ASSIGNMENT:
Your answer should give again, exactly, the lines from the beginning of the entries below through the line containing "Polo blanc manches". It must contain no pictures.
────────────────
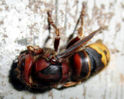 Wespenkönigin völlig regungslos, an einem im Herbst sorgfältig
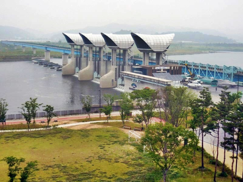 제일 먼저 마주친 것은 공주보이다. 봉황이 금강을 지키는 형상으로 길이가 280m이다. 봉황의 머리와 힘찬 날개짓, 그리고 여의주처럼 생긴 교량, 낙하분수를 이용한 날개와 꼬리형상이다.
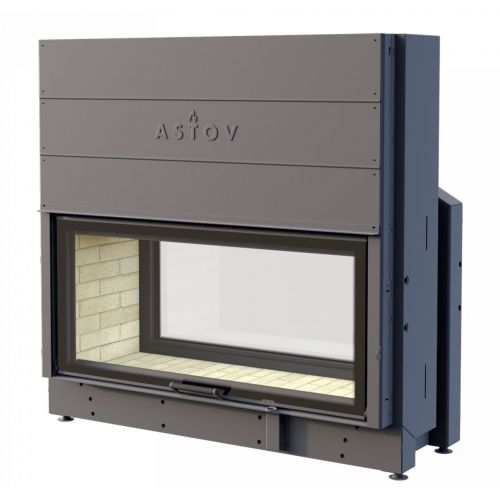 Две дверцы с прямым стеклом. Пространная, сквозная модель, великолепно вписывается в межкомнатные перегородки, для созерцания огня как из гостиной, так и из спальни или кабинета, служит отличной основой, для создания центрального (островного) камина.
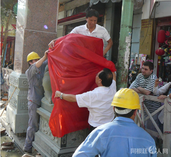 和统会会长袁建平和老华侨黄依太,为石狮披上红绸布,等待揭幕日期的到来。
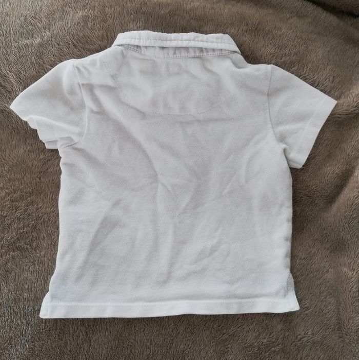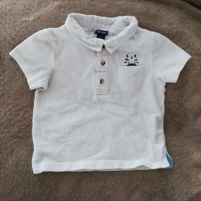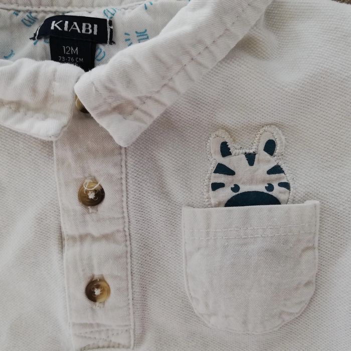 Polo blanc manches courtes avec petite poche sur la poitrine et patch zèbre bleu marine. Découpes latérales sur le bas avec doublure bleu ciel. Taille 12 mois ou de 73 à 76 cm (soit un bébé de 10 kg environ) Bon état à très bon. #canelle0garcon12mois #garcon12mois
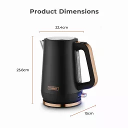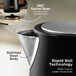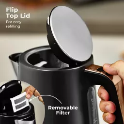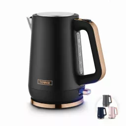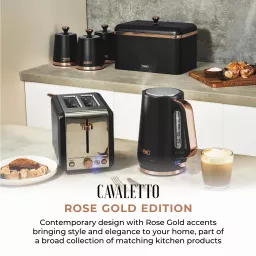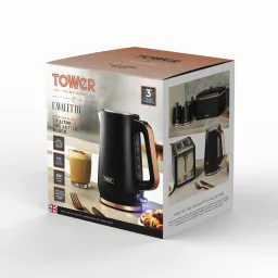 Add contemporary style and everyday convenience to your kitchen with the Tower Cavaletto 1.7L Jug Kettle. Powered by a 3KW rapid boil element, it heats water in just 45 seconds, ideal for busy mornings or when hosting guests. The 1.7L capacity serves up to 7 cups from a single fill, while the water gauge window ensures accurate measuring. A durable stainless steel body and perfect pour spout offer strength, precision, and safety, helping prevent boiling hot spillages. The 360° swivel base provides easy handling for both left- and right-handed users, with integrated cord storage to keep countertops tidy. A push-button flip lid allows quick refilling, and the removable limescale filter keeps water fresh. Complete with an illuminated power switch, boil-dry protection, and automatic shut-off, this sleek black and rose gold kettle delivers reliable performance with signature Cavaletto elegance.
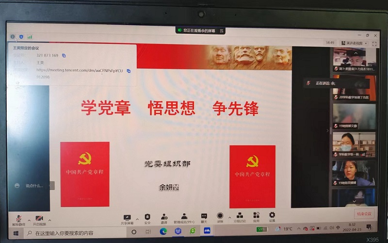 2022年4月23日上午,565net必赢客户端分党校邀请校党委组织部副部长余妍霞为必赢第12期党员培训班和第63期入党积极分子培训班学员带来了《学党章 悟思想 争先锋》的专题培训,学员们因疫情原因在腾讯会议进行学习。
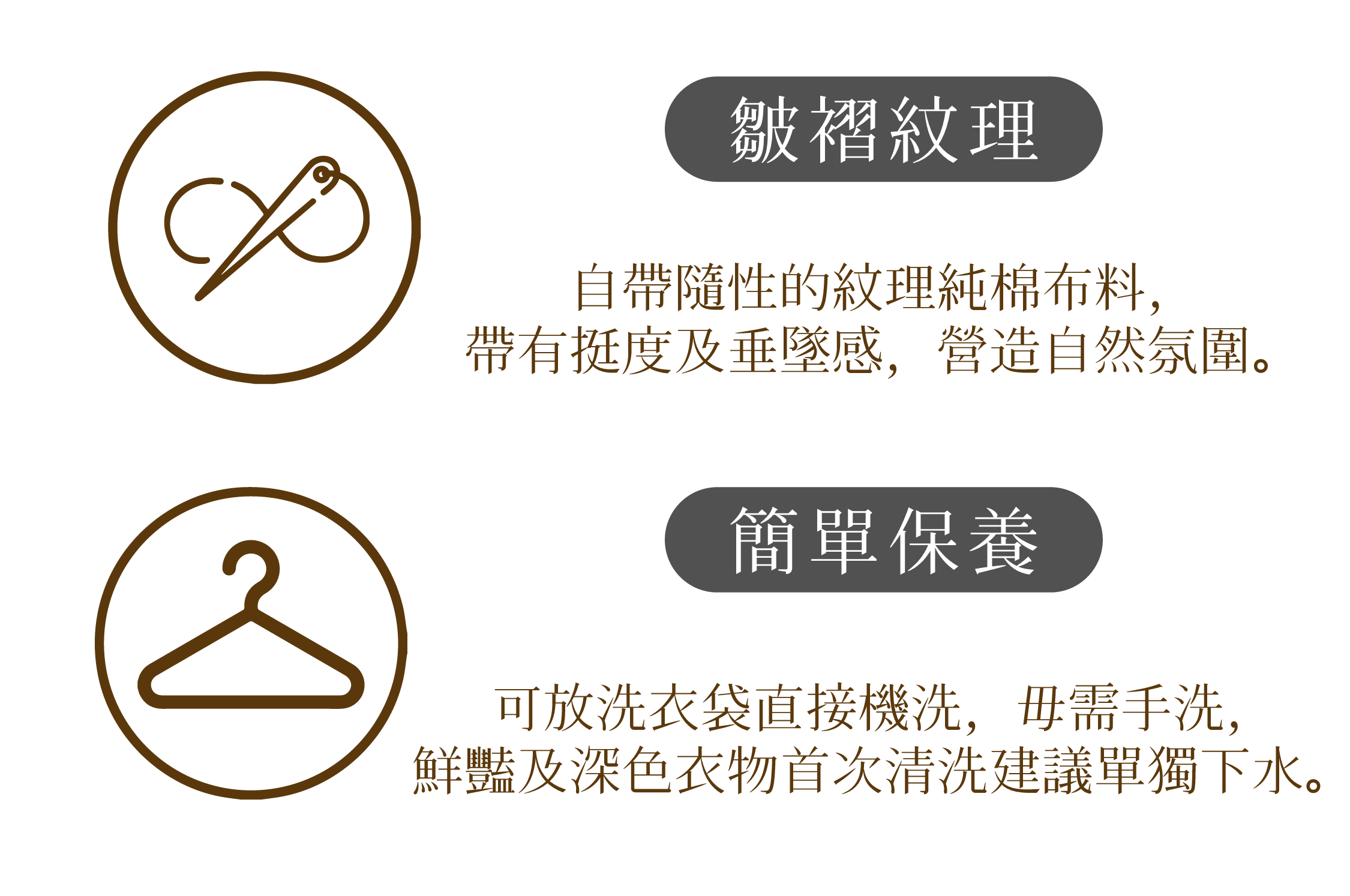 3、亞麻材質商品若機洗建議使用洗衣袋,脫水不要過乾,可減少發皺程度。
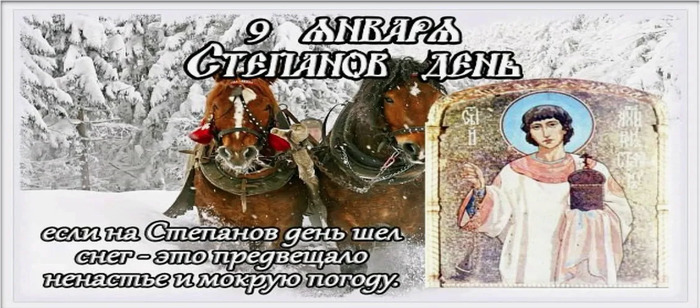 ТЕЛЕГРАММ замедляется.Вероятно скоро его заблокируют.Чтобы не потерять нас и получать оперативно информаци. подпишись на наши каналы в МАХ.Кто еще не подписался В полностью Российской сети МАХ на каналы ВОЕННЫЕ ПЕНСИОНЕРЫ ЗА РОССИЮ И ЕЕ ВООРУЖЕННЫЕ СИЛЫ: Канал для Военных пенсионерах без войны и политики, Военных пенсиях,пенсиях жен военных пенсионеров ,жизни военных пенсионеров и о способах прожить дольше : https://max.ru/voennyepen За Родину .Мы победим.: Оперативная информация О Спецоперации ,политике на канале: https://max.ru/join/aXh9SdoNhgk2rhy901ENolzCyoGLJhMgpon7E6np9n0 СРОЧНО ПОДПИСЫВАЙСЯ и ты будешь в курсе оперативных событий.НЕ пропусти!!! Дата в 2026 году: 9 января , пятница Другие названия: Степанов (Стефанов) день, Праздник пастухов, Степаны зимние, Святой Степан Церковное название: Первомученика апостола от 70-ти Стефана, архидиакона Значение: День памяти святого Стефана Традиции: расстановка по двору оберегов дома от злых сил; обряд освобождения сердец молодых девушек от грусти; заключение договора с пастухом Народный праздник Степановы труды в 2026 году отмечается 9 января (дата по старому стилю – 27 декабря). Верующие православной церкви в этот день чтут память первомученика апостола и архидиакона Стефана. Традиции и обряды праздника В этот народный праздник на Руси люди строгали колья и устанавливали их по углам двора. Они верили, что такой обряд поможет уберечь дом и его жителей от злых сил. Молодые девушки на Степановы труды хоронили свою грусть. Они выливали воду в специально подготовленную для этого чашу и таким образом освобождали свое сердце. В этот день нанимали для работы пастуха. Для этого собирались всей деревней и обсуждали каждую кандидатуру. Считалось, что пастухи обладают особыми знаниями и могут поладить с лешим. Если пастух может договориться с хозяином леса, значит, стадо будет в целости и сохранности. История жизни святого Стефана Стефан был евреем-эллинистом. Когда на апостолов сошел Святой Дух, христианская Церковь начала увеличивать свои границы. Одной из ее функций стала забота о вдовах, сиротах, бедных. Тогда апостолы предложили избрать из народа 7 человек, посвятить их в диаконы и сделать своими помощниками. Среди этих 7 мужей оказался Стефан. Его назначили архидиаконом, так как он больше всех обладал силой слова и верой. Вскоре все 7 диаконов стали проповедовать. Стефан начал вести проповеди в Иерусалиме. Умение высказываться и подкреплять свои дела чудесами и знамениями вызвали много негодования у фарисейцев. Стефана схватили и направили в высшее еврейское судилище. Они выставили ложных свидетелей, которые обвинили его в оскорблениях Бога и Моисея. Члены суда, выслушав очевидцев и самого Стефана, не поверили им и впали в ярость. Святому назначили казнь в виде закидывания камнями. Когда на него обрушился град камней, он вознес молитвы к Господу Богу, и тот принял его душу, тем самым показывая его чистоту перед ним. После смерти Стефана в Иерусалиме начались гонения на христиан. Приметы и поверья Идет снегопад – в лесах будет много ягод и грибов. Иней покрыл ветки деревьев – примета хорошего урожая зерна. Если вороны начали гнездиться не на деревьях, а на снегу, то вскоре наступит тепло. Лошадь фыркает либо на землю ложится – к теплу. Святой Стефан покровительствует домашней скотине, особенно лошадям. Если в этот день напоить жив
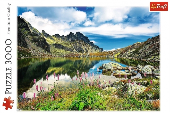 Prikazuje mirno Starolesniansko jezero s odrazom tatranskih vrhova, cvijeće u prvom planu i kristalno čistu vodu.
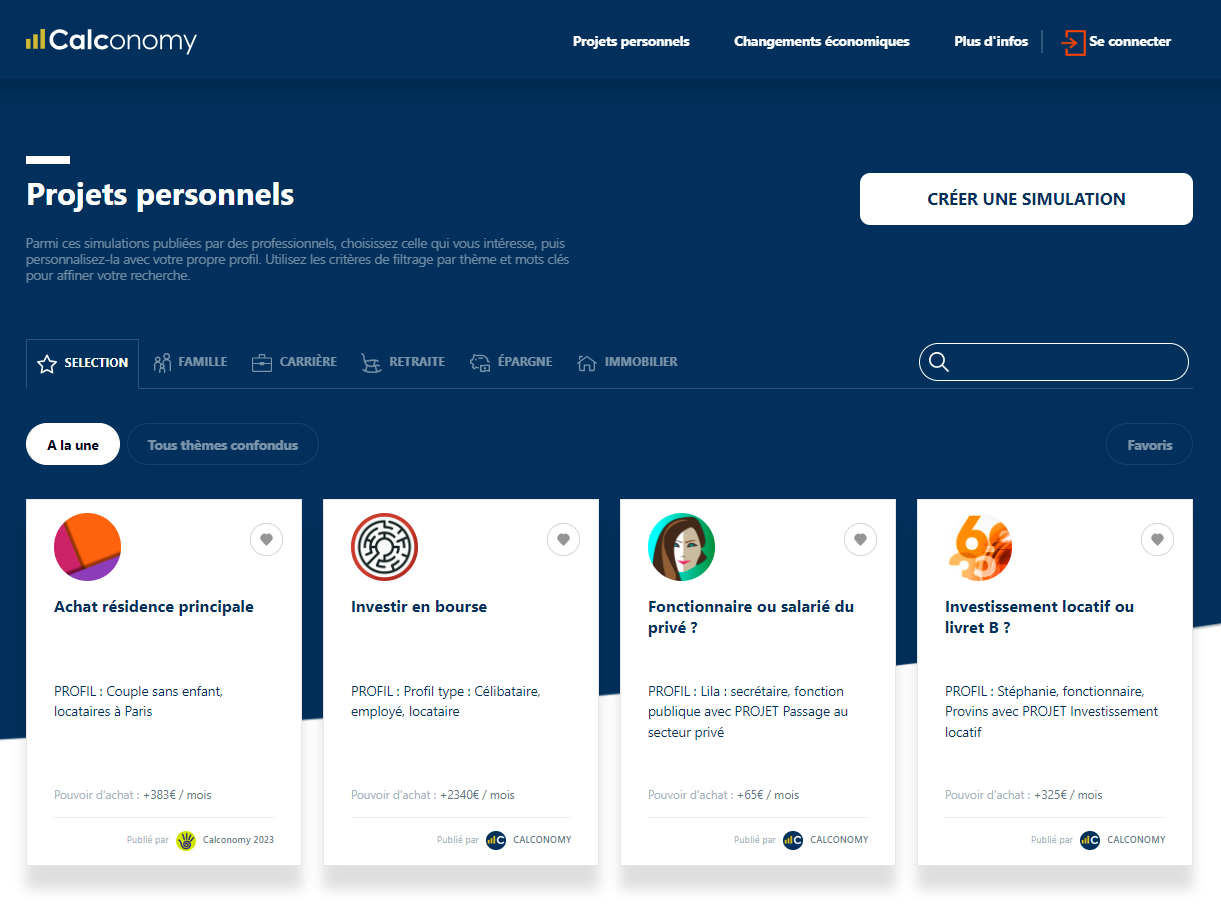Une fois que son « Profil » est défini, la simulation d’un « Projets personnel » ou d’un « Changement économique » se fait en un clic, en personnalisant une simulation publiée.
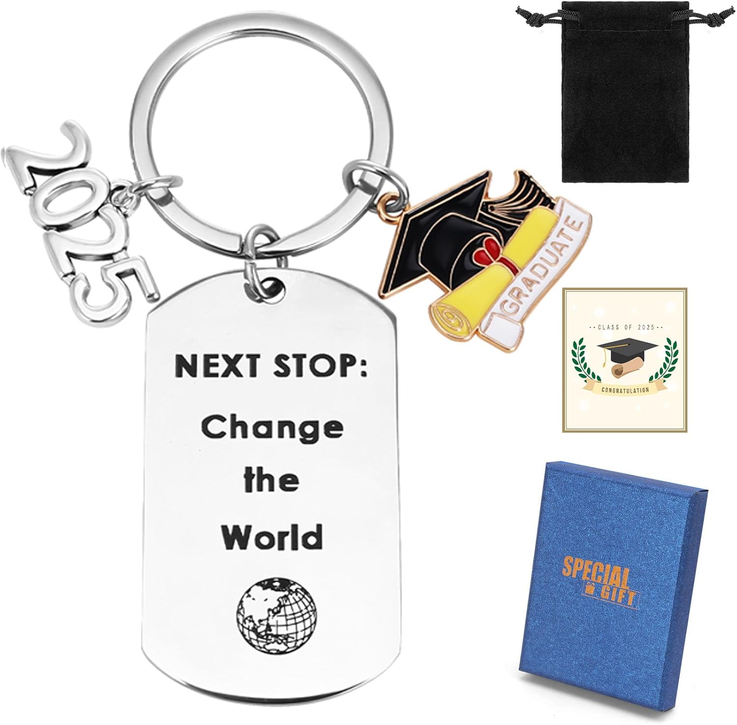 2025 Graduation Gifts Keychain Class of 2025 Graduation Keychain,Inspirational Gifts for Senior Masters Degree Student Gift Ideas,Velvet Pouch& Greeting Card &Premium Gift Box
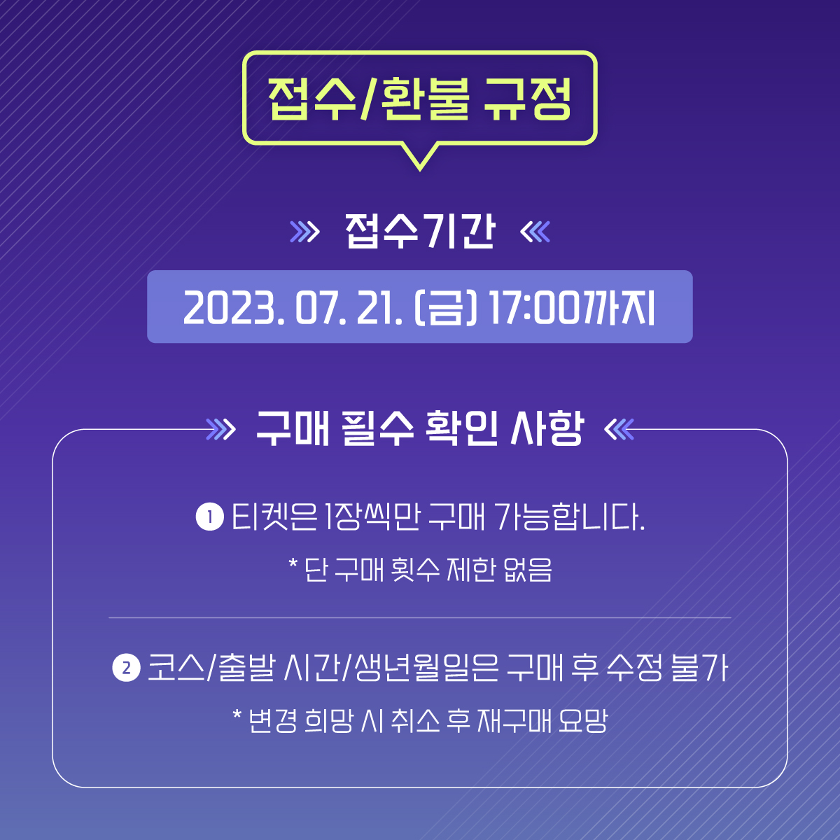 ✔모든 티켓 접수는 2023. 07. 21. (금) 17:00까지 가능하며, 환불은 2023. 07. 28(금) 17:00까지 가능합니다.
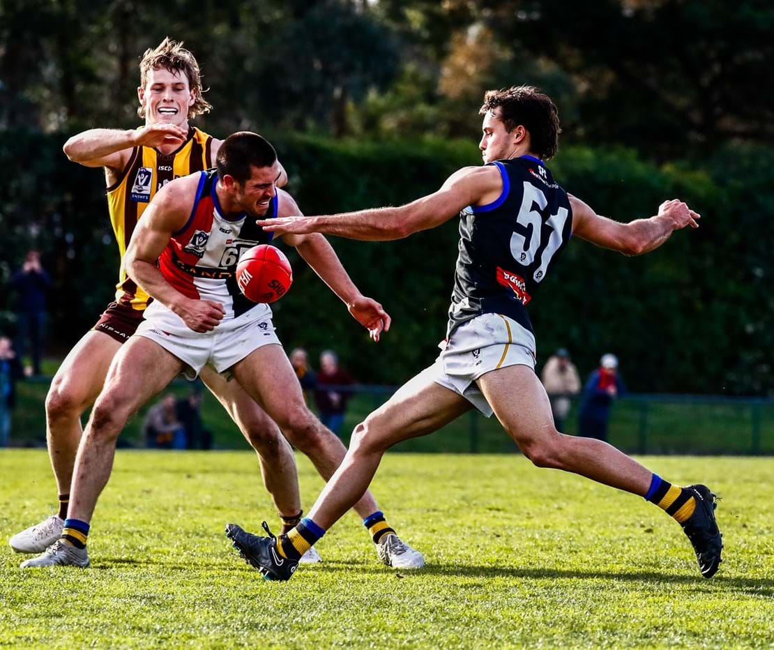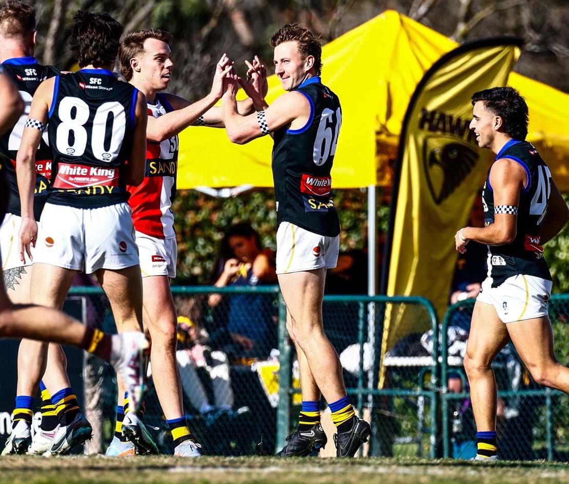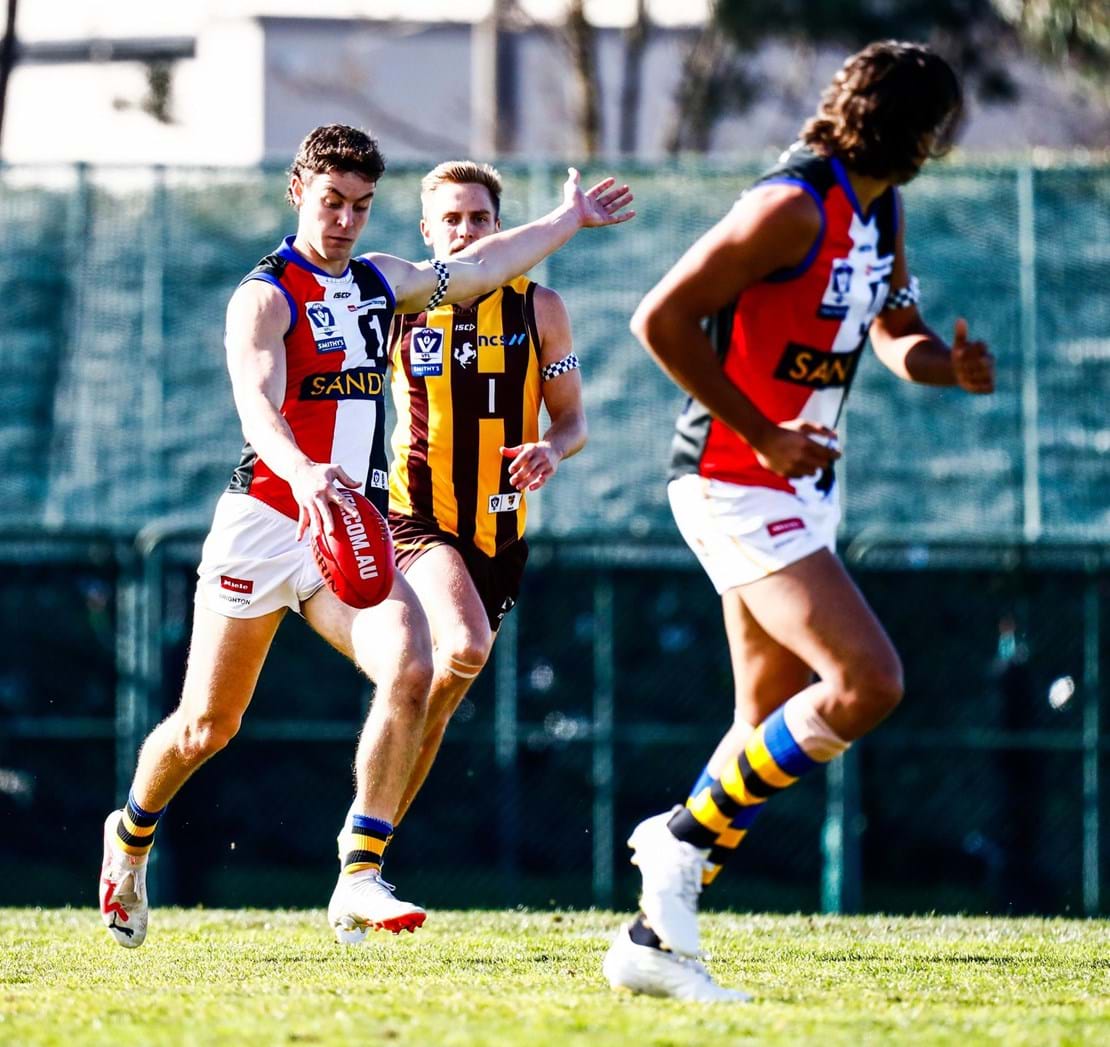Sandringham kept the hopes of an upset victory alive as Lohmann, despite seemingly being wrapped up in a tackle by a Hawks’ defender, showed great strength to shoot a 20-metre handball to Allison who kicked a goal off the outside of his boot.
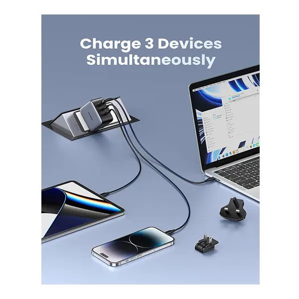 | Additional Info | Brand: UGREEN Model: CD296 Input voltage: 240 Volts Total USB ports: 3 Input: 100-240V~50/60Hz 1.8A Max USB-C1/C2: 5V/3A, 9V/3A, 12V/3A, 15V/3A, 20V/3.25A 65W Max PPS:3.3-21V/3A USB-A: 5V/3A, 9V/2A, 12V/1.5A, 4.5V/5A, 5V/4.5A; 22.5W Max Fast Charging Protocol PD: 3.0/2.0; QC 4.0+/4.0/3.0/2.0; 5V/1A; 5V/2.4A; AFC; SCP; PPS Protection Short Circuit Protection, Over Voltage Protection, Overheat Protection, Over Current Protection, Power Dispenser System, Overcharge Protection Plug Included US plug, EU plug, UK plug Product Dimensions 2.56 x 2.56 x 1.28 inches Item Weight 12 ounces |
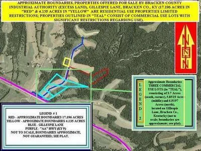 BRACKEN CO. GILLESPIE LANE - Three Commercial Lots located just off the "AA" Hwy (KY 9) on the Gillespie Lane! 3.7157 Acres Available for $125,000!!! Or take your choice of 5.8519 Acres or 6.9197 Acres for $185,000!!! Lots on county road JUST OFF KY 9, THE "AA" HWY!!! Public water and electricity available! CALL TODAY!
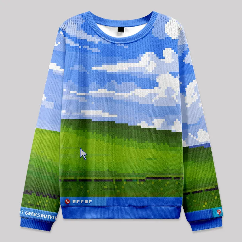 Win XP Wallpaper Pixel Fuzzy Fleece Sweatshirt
────────────────
ANSWER SPACE:
 Wespenkönigin völlig regungslos, an einem im Herbst sorgfältig
 제일 먼저 마주친 것은 공주보이다. 봉황이 금강을 지키는 형상으로 길이가 280m이다. 봉황의 머리와 힘찬 날개짓, 그리고 여의주처럼 생긴 교량, 낙하분수를 이용한 날개와 꼬리형상이다.
 Две дверцы с прямым стеклом. Пространная, сквозная модель, великолепно вписывается в межкомнатные перегородки, для созерцания огня как из гостиной, так и из спальни или кабинета, служит отличной основой, для создания центрального (островного) камина.
 和统会会长袁建平和老华侨黄依太,为石狮披上红绸布,等待揭幕日期的到来。
 Polo blanc manches courtes avec petite poche sur la poitrine et patch zèbre bleu marine. Découpes latérales sur le bas avec doublure bleu ciel. Taille 12 mois ou de 73 à 76 cm (soit un bébé de 10 kg environ) Bon état à très bon. #canelle0garcon12mois #garcon12mois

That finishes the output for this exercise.